Great! Now we have a simple PoC for a self-XSS. But why have a simple PoC when you can have a 1337-no-user-interaction-cool-PoC TM? Let’s head over to this cool XSS cheat sheet by PortSwigger, to see what we can come up with.

Combining the id, tabindex, and onfocus attributes seems very promising (though it won’t work in firefox)! To get such a payload to fire, we just need to include the hash #<SOME_ID> in the URL. And just like that, we can circumvent the need for user-interaction!

Payload: “id=’x’tabindex=’1'onfocus=’alert(flag.innerText)’”@a.b

Let’s bypass the CSRF protection

Ok, now it’s time to bypass the CSRF protection. Looking at the source of the page, we get an important hint:

Hmm, providing the time that the page was generated seems like weird info to give. Could this have something to do with the CSRF token? A token looks something like this: 1dba20398a370db0f129bc8f1b9154ce. This looks a lot like an MD5 hash. But what could it be a hash of? Maybe something to do with the time?

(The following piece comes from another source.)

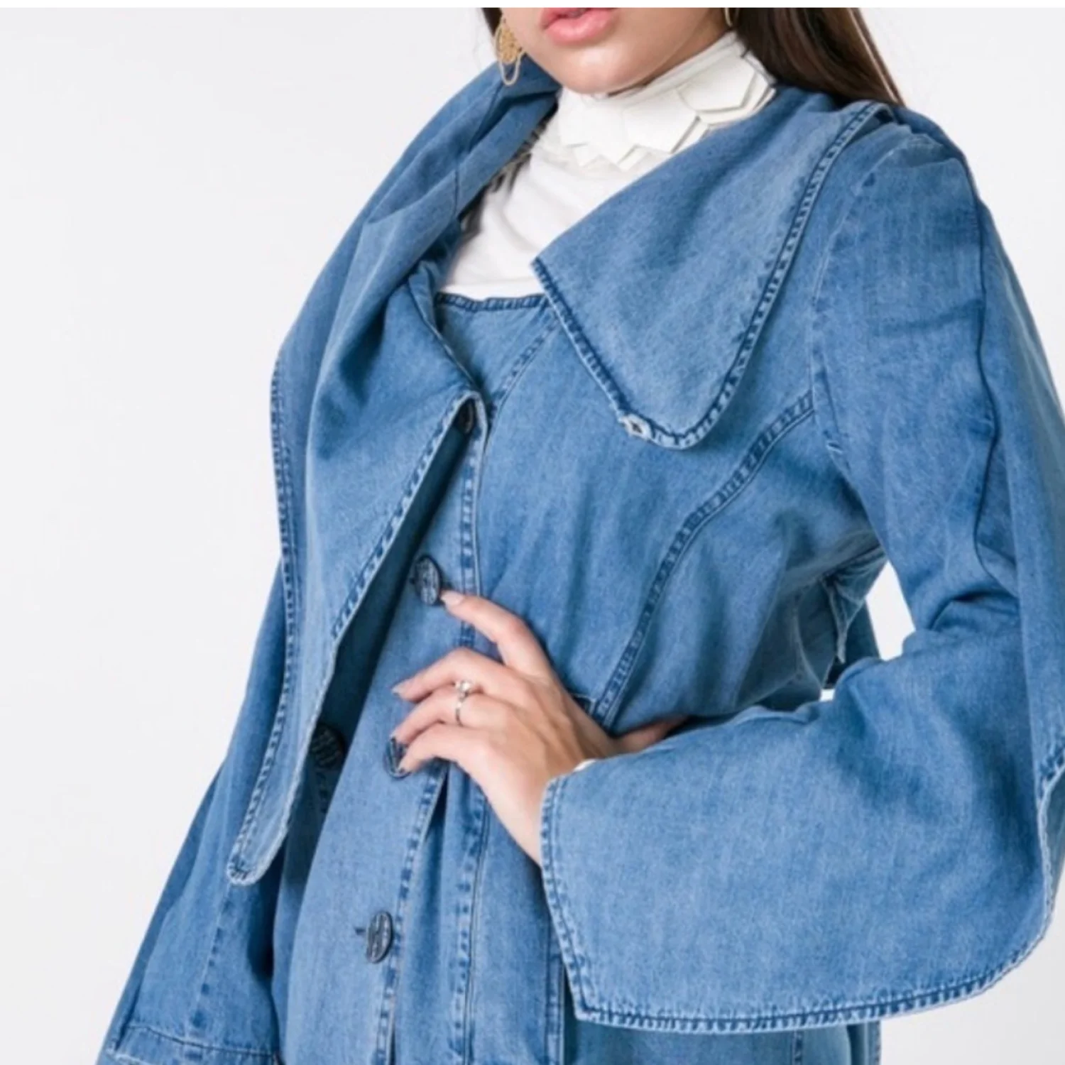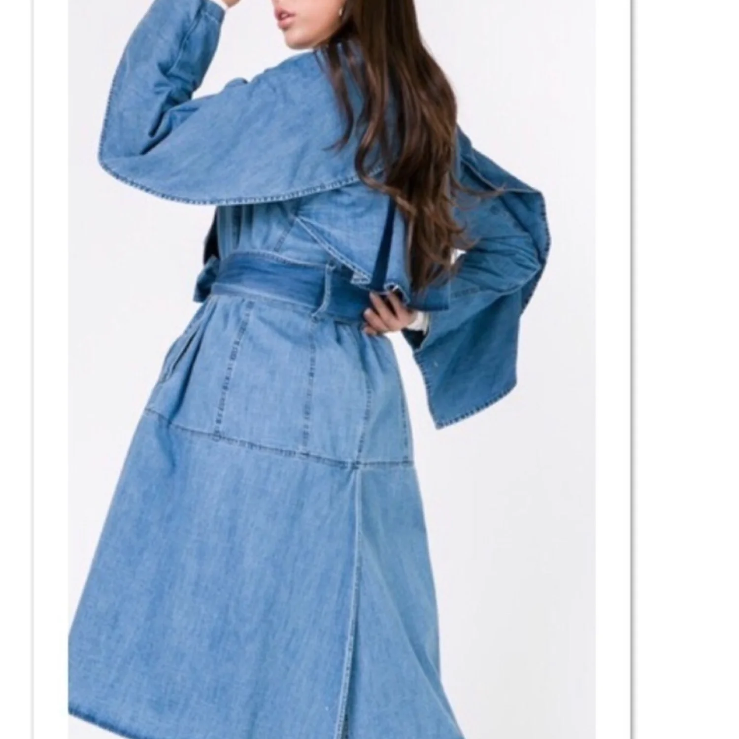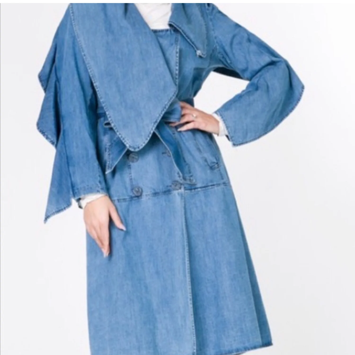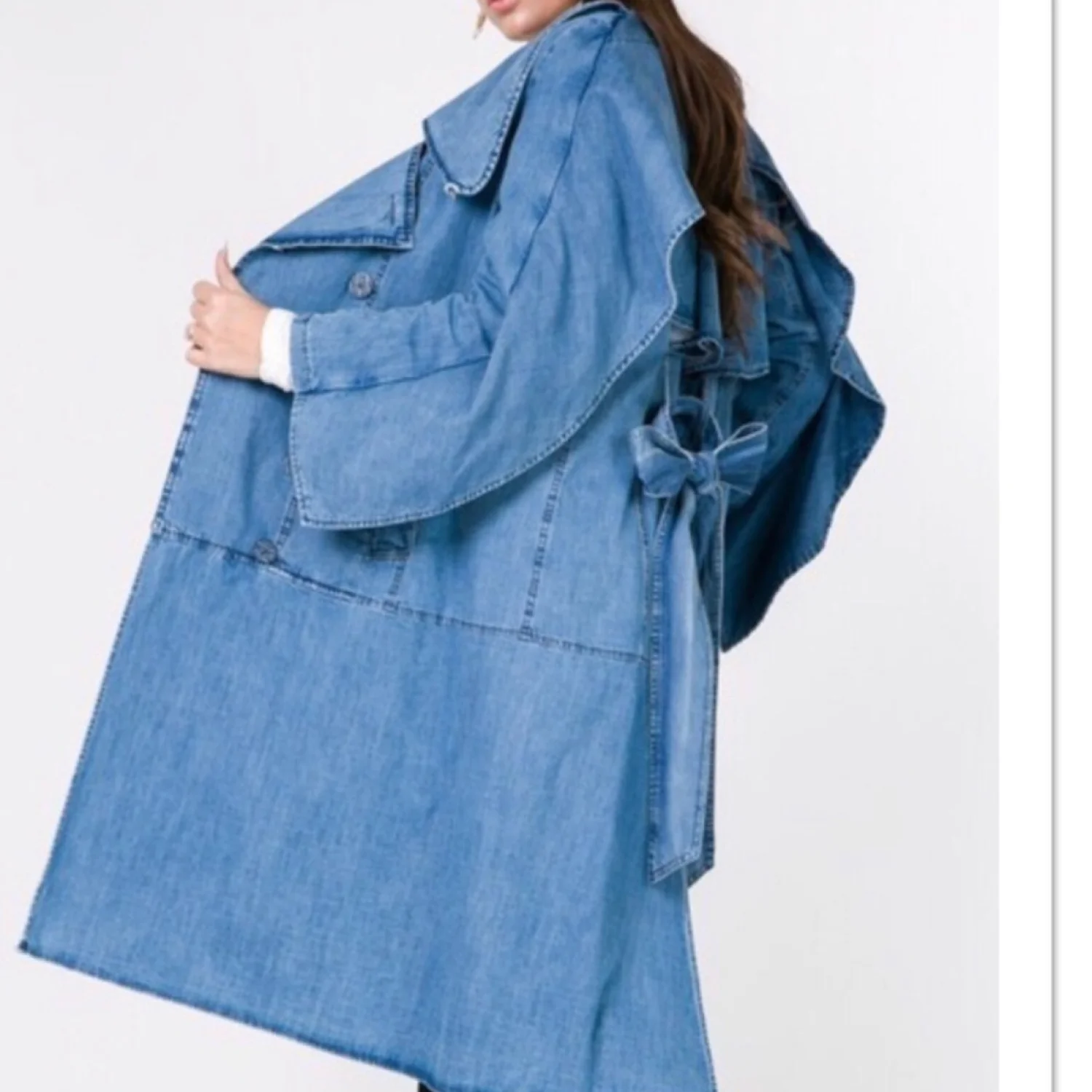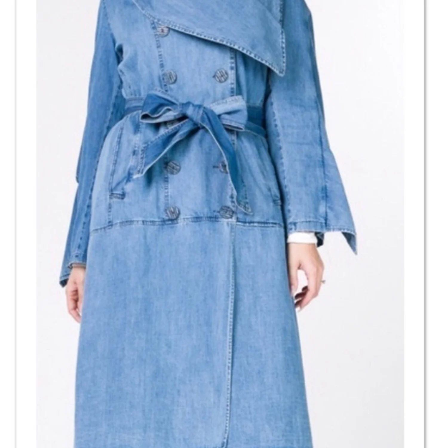 Denim Midi Trench. Coat has tie belt & double buttons. Wide versatile color. Side pockets. 100% cotton

At this point, it seems like a good idea to try and think like the developer who made this. If we want to make a CSRF token by creating an MD5 hash of something to do with the time, how could we achieve that? Assuming that PHP is used on the server-side, let’s try googling how to get a timestamp in PHP.

The very first result leads us to the time() function. As described in the image above, this function returns the number of seconds since the Unix Epoch. Getting an MD5 hash in PHP can easily be achieved by using the md5() function. So by combining the two, we would get:

md5(time())

Well cool, but how do we know if this is actually how the CSRF token is generated? We don’t! But what we can do now, is to put our hypothesis to the test. Let’s open up a PHP shell and try to execute the code above at the same time we load the challenge page:

WOW! It worked! We just cracked the hash and are now able to generate our own CSRF tokens! We can now craft an exploit, chaining the CSRF vulnerability and the self XSS together to achieve a stored XSS vulnerability! When creating our exploit, we need to remember how the CSRF protection implemented on the challenge page works:

When the page is loaded, a CSRF token is created. This, and only this token is valid until you:
a. Use the token by saving your notes
b. Load the page again

So when creating our exploit, we need to make sure the page is loaded (again) at a time we control, so that we can predict the CSRF token. You can see one suggestion on how this can be done at the bottom of this post. But for now, let’s see how the full exploit works:

Cool, right? We finally solved the challenge!

Thanks for reading along and happy hacking!